§ TASK DESCRIPTION:
The reply should contain every entry below exactly as written, with no images.

++++++++

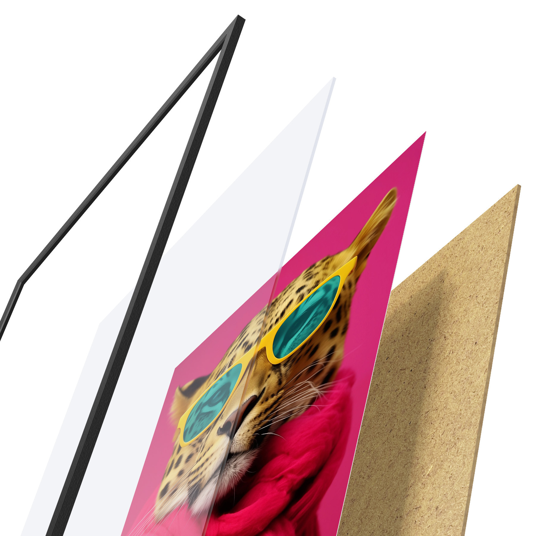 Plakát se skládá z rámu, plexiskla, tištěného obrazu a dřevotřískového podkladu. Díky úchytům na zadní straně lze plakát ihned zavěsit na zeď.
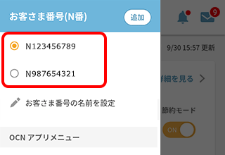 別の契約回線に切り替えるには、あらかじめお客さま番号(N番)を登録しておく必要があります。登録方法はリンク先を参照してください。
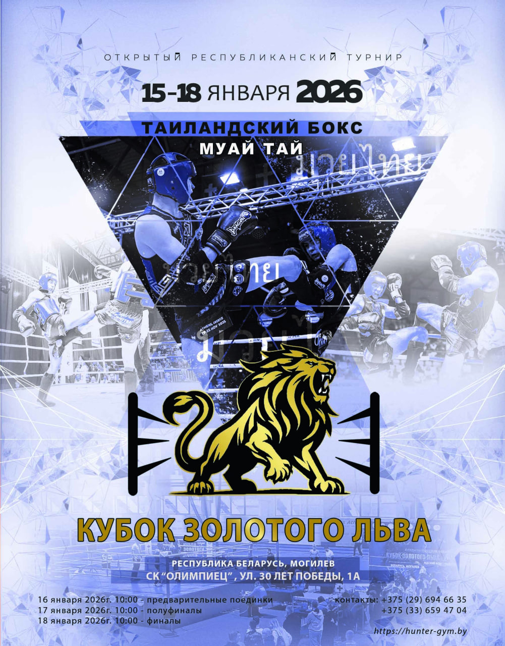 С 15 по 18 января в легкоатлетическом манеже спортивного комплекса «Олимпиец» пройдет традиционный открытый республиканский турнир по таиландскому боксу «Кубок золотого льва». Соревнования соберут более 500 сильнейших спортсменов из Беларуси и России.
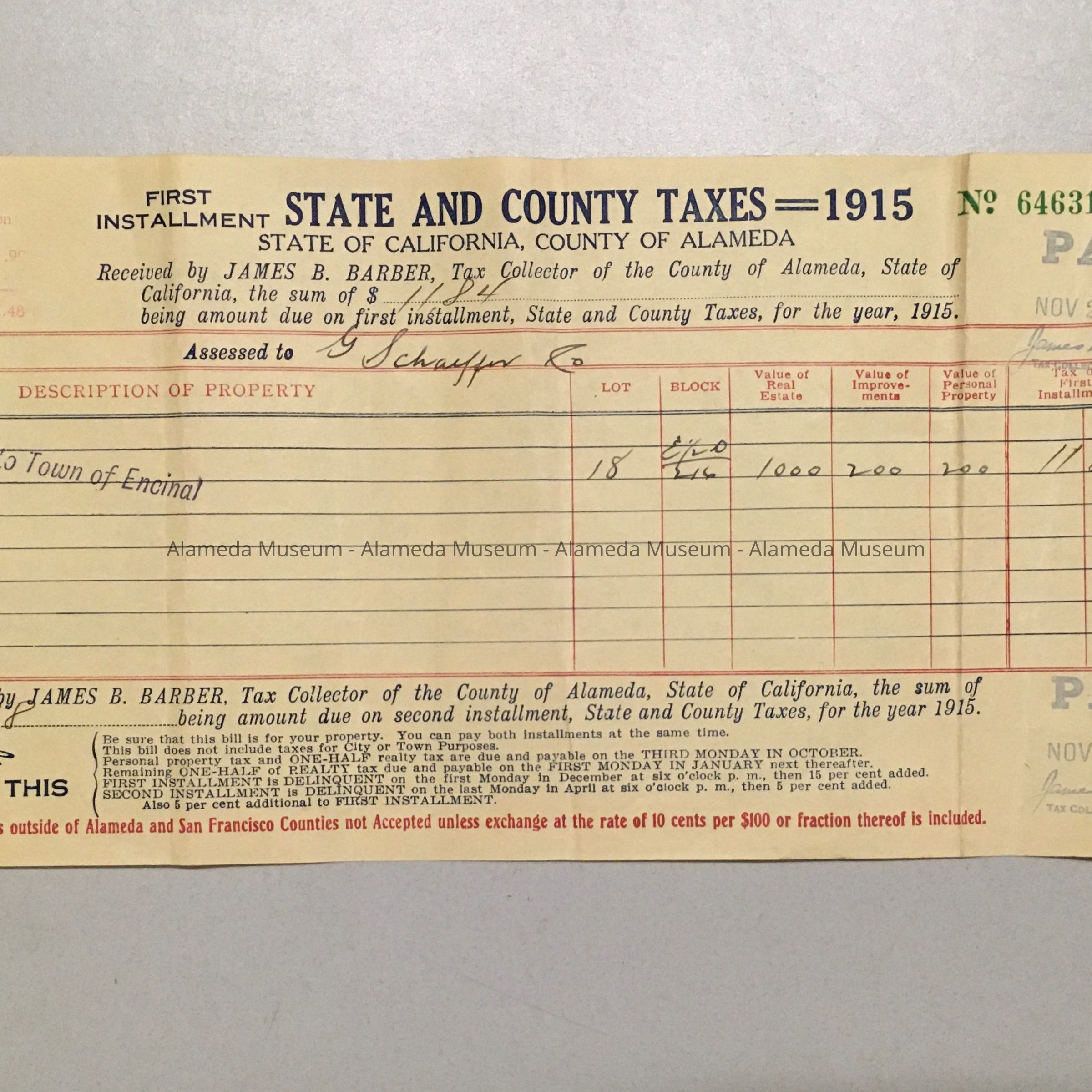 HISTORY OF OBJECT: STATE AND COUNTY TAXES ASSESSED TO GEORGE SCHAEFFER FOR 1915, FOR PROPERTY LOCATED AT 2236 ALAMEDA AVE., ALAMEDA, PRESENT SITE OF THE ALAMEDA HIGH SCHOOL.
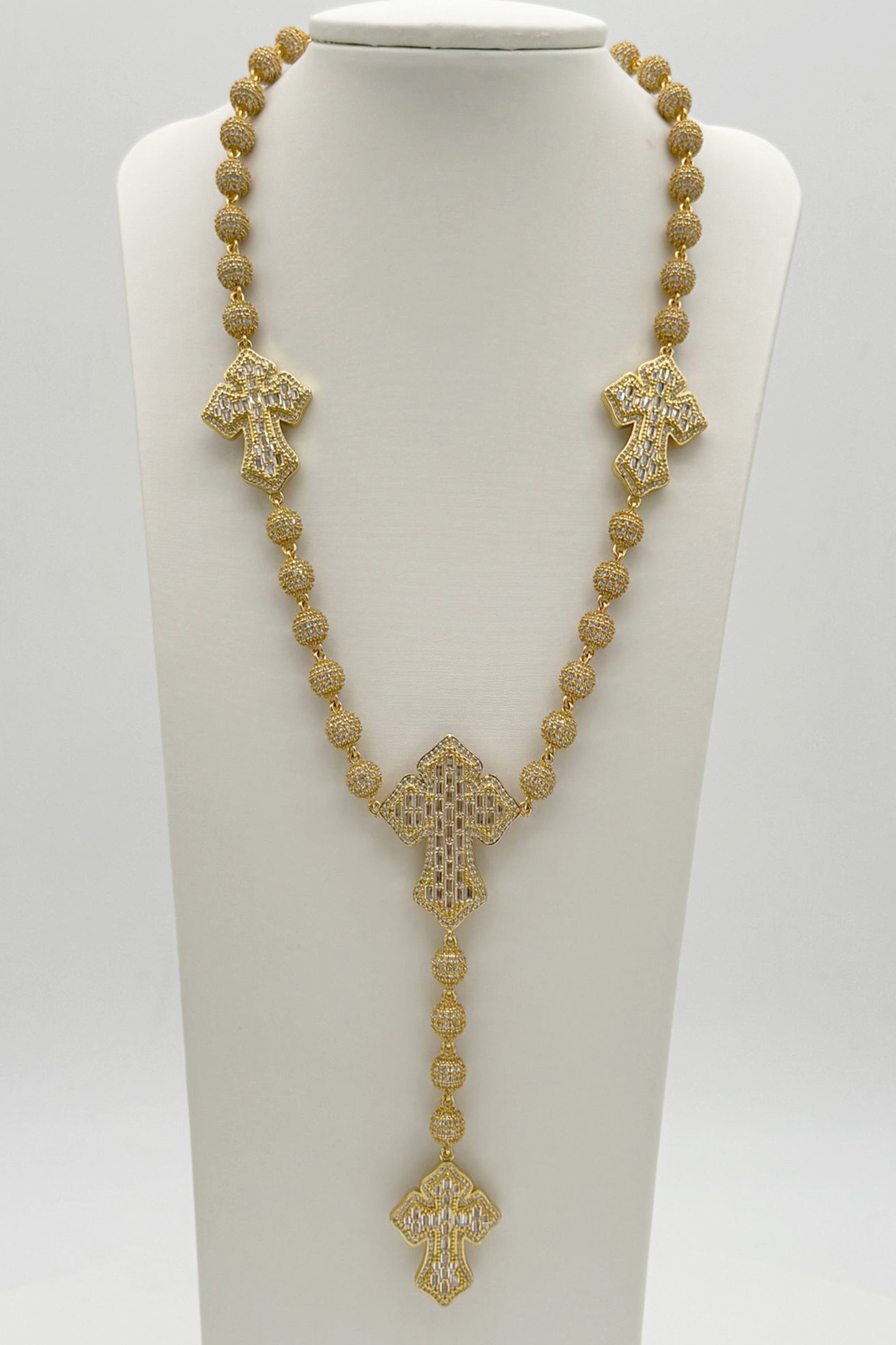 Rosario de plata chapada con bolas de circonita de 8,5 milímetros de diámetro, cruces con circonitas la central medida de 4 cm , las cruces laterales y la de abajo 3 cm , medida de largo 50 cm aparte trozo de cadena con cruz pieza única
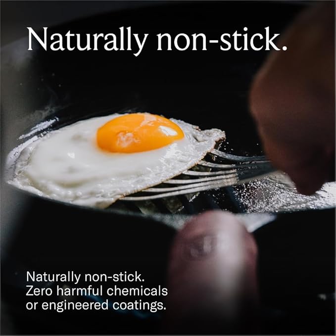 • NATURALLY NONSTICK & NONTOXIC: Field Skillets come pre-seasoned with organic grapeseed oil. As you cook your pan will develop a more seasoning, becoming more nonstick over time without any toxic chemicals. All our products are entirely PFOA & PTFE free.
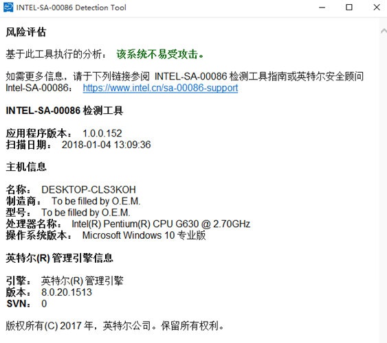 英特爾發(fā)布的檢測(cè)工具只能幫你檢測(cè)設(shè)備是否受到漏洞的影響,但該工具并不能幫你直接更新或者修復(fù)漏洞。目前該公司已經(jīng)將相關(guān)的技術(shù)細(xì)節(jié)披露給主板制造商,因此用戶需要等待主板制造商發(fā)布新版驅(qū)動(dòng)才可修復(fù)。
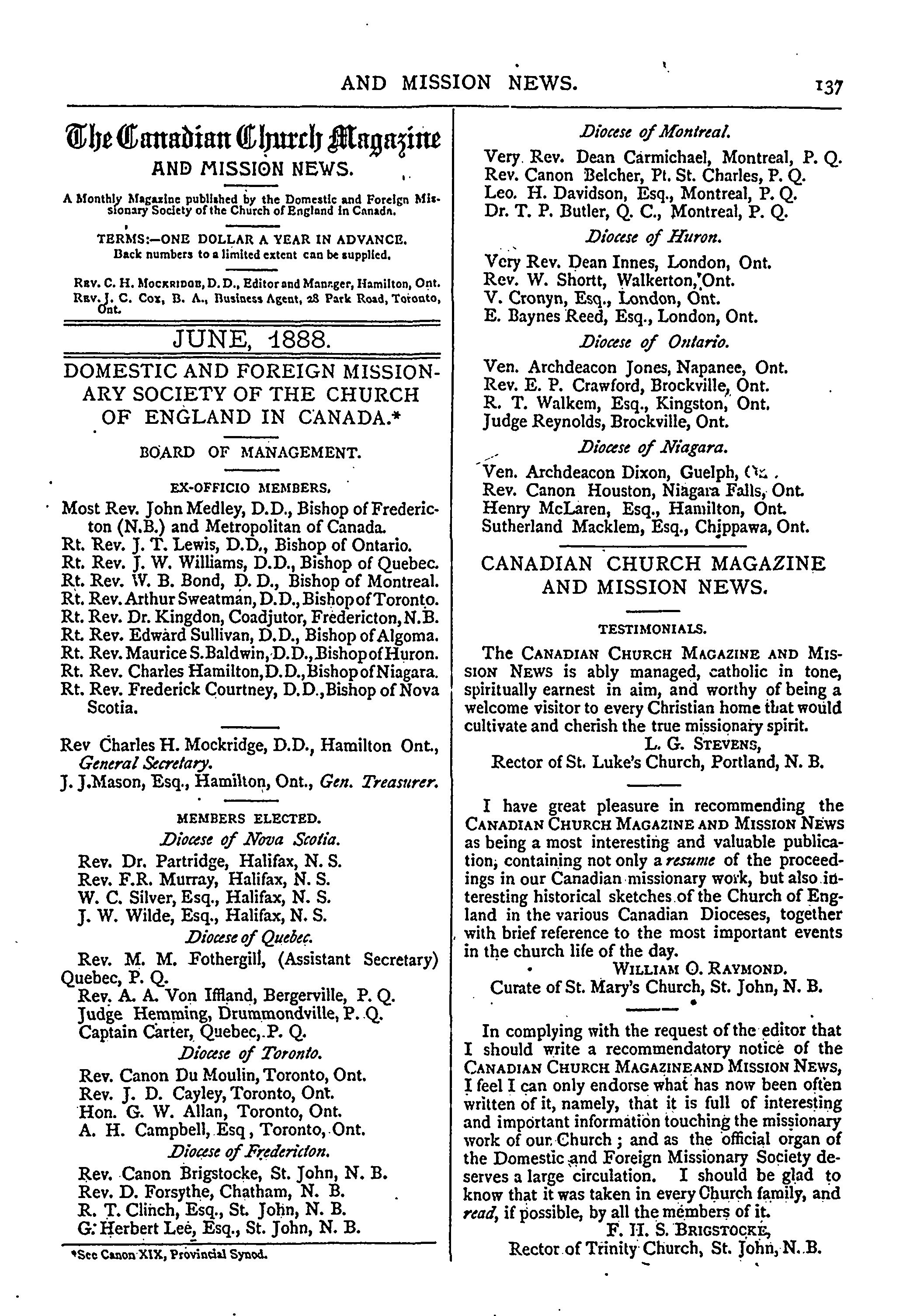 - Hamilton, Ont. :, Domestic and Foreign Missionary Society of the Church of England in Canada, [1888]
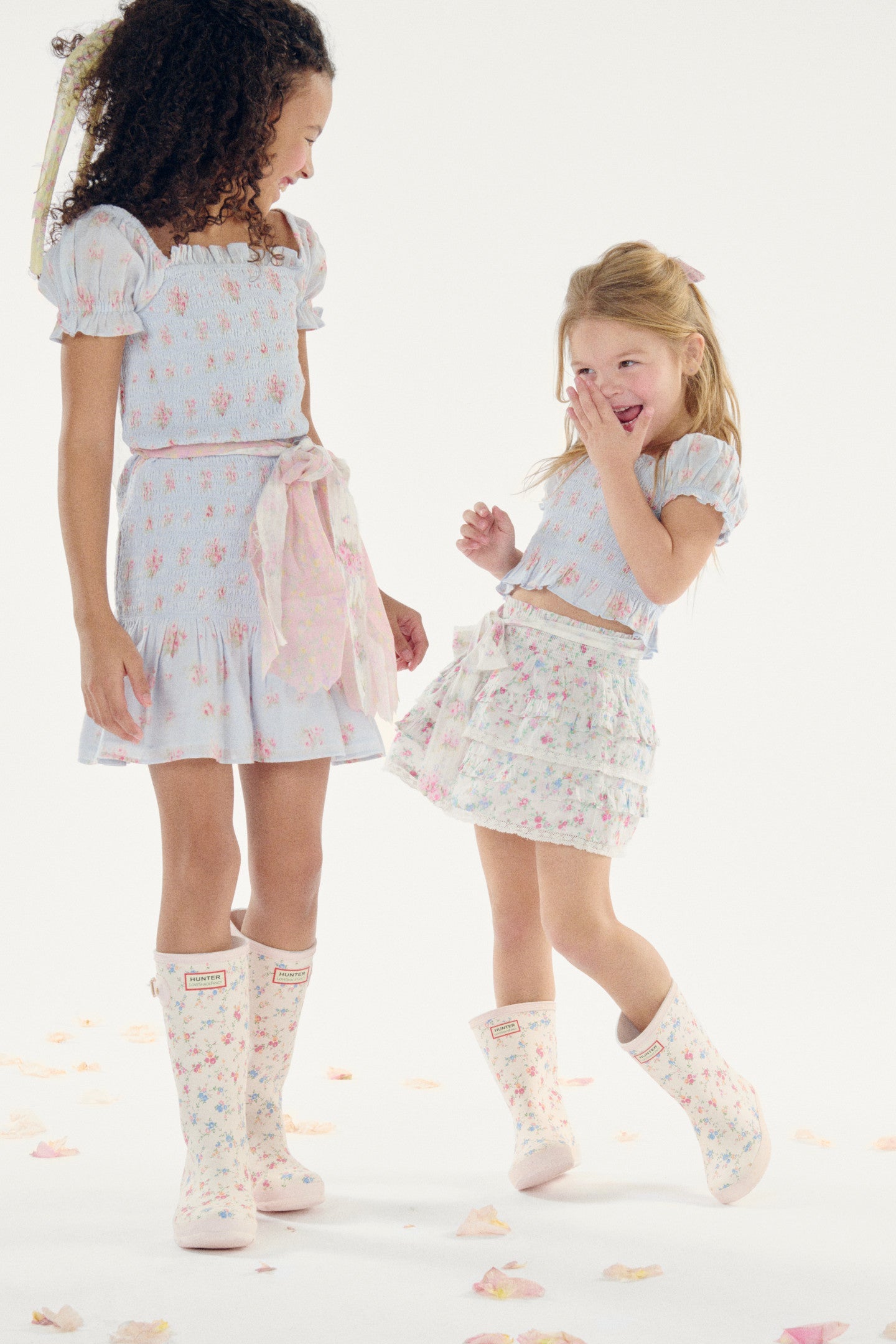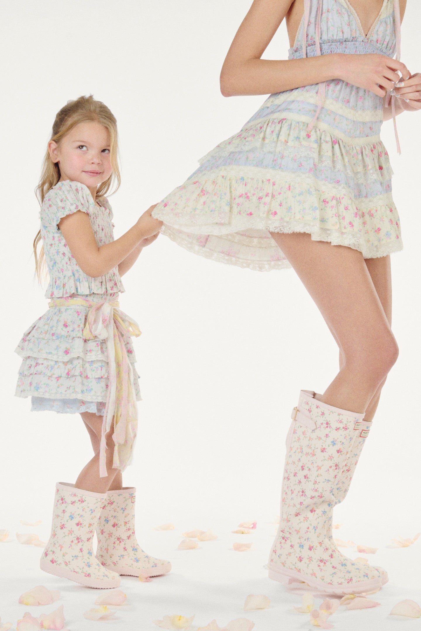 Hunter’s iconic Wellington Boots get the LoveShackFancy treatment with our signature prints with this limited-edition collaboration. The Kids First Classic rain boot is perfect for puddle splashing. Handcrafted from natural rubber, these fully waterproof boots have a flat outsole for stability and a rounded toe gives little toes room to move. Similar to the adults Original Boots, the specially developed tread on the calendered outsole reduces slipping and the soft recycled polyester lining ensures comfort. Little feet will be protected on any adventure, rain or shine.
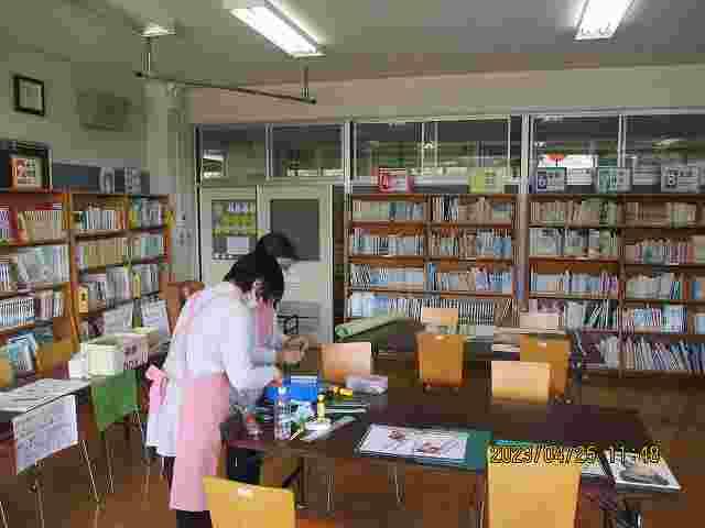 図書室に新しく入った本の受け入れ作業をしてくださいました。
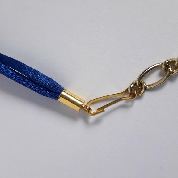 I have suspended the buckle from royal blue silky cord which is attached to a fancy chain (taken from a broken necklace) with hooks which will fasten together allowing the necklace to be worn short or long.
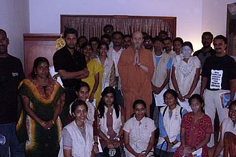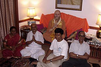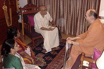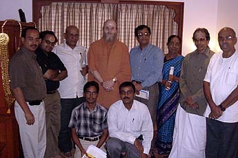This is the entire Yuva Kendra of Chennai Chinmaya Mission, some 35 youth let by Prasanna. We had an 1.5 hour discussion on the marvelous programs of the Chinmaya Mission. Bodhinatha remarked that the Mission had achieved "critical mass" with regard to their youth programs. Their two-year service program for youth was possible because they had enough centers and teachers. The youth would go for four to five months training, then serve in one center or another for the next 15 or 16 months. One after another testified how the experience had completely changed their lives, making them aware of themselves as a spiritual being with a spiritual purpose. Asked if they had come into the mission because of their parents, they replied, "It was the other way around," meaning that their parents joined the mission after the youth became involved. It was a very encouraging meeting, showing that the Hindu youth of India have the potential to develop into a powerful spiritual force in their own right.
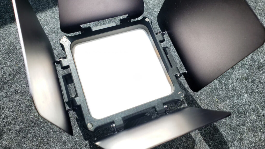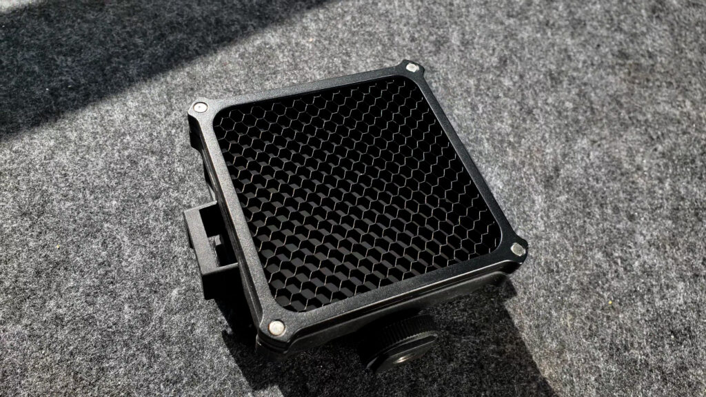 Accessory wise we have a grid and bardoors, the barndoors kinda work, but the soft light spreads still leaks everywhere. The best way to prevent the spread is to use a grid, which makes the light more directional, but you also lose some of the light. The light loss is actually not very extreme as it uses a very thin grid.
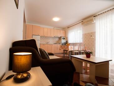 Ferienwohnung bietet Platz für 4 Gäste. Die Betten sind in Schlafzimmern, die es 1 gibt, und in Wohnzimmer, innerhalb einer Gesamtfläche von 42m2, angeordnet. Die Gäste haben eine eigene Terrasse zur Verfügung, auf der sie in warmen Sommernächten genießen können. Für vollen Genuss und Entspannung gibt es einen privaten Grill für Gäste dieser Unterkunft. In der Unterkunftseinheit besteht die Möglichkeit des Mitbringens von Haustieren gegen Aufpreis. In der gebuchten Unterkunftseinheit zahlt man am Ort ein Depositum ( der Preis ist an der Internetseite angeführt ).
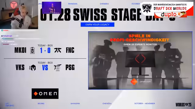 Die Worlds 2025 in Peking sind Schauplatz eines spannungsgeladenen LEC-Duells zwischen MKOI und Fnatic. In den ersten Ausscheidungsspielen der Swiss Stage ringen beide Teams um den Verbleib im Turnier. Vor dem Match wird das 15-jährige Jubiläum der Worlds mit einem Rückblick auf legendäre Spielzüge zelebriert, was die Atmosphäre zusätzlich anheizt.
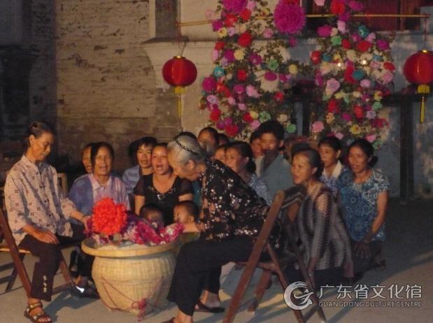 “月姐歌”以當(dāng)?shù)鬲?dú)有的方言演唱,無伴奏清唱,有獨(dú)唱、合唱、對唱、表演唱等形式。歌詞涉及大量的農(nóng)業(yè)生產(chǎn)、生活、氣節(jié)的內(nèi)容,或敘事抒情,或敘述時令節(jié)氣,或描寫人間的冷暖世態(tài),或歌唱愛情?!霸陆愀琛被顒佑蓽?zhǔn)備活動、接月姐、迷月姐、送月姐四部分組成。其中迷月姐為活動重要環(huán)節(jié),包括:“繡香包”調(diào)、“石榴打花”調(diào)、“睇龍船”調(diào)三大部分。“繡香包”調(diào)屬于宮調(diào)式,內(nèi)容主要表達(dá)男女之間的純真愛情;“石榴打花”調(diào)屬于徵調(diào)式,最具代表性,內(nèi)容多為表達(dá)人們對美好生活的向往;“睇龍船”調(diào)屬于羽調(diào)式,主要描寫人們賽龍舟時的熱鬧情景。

++++++++

§ TASK OUTPUT:
 Plakát se skládá z rámu, plexiskla, tištěného obrazu a dřevotřískového podkladu. Díky úchytům na zadní straně lze plakát ihned zavěsit na zeď.
 別の契約回線に切り替えるには、あらかじめお客さま番号(N番)を登録しておく必要があります。登録方法はリンク先を参照してください。
 С 15 по 18 января в легкоатлетическом манеже спортивного комплекса «Олимпиец» пройдет традиционный открытый республиканский турнир по таиландскому боксу «Кубок золотого льва». Соревнования соберут более 500 сильнейших спортсменов из Беларуси и России.
 HISTORY OF OBJECT: STATE AND COUNTY TAXES ASSESSED TO GEORGE SCHAEFFER FOR 1915, FOR PROPERTY LOCATED AT 2236 ALAMEDA AVE., ALAMEDA, PRESENT SITE OF THE ALAMEDA HIGH SCHOOL.
 Rosario de plata chapada con bolas de circonita de 8,5 milímetros de diámetro, cruces con circonitas la central medida de 4 cm , las cruces laterales y la de abajo 3 cm , medida de largo 50 cm aparte trozo de cadena con cruz pieza única
 • NATURALLY NONSTICK & NONTOXIC: Field Skillets come pre-seasoned with organic grapeseed oil. As you cook your pan will develop a more seasoning, becoming more nonstick over time without any toxic chemicals. All our products are entirely PFOA & PTFE free.
 英特爾發(fā)布的檢測(cè)工具只能幫你檢測(cè)設(shè)備是否受到漏洞的影響,但該工具并不能幫你直接更新或者修復(fù)漏洞。目前該公司已經(jīng)將相關(guān)的技術(shù)細(xì)節(jié)披露給主板制造商,因此用戶需要等待主板制造商發(fā)布新版驅(qū)動(dòng)才可修復(fù)。
 - Hamilton, Ont. :, Domestic and Foreign Missionary Society of the Church of England in Canada, [1888]
 Hunter’s iconic Wellington Boots get the LoveShackFancy treatment with our signature prints with this limited-edition collaboration. The Kids First Classic rain boot is perfect for puddle splashing. Handcrafted from natural rubber, these fully waterproof boots have a flat outsole for stability and a rounded toe gives little toes room to move. Similar to the adults Original Boots, the specially developed tread on the calendered outsole reduces slipping and the soft recycled polyester lining ensures comfort. Little feet will be protected on any adventure, rain or shine.
 図書室に新しく入った本の受け入れ作業をしてくださいました。
 I have suspended the buckle from royal blue silky cord which is attached to a fancy chain (taken from a broken necklace) with hooks which will fasten together allowing the necklace to be worn short or long.
This is the entire Yuva Kendra of Chennai Chinmaya Mission, some 35 youth let by Prasanna. We had an 1.5 hour discussion on the marvelous programs of the Chinmaya Mission. Bodhinatha remarked that the Mission had achieved "critical mass" with regard to their youth programs. Their two-year service program for youth was possible because they had enough centers and teachers. The youth would go for four to five months training, then serve in one center or another for the next 15 or 16 months. One after another testified how the experience had completely changed their lives, making them aware of themselves as a spiritual being with a spiritual purpose. Asked if they had come into the mission because of their parents, they replied, "It was the other way around," meaning that their parents joined the mission after the youth became involved. It was a very encouraging meeting, showing that the Hindu youth of India have the potential to develop into a powerful spiritual force in their own right.
 Accessory wise we have a grid and bardoors, the barndoors kinda work, but the soft light spreads still leaks everywhere. The best way to prevent the spread is to use a grid, which makes the light more directional, but you also lose some of the light. The light loss is actually not very extreme as it uses a very thin grid.
 Ferienwohnung bietet Platz für 4 Gäste. Die Betten sind in Schlafzimmern, die es 1 gibt, und in Wohnzimmer, innerhalb einer Gesamtfläche von 42m2, angeordnet. Die Gäste haben eine eigene Terrasse zur Verfügung, auf der sie in warmen Sommernächten genießen können. Für vollen Genuss und Entspannung gibt es einen privaten Grill für Gäste dieser Unterkunft. In der Unterkunftseinheit besteht die Möglichkeit des Mitbringens von Haustieren gegen Aufpreis. In der gebuchten Unterkunftseinheit zahlt man am Ort ein Depositum ( der Preis ist an der Internetseite angeführt ).
 Die Worlds 2025 in Peking sind Schauplatz eines spannungsgeladenen LEC-Duells zwischen MKOI und Fnatic. In den ersten Ausscheidungsspielen der Swiss Stage ringen beide Teams um den Verbleib im Turnier. Vor dem Match wird das 15-jährige Jubiläum der Worlds mit einem Rückblick auf legendäre Spielzüge zelebriert, was die Atmosphäre zusätzlich anheizt.
 “月姐歌”以當(dāng)?shù)鬲?dú)有的方言演唱,無伴奏清唱,有獨(dú)唱、合唱、對唱、表演唱等形式。歌詞涉及大量的農(nóng)業(yè)生產(chǎn)、生活、氣節(jié)的內(nèi)容,或敘事抒情,或敘述時令節(jié)氣,或描寫人間的冷暖世態(tài),或歌唱愛情?!霸陆愀琛被顒佑蓽?zhǔn)備活動、接月姐、迷月姐、送月姐四部分組成。其中迷月姐為活動重要環(huán)節(jié),包括:“繡香包”調(diào)、“石榴打花”調(diào)、“睇龍船”調(diào)三大部分。“繡香包”調(diào)屬于宮調(diào)式,內(nèi)容主要表達(dá)男女之間的純真愛情;“石榴打花”調(diào)屬于徵調(diào)式,最具代表性,內(nèi)容多為表達(dá)人們對美好生活的向往;“睇龍船”調(diào)屬于羽調(diào)式,主要描寫人們賽龍舟時的熱鬧情景。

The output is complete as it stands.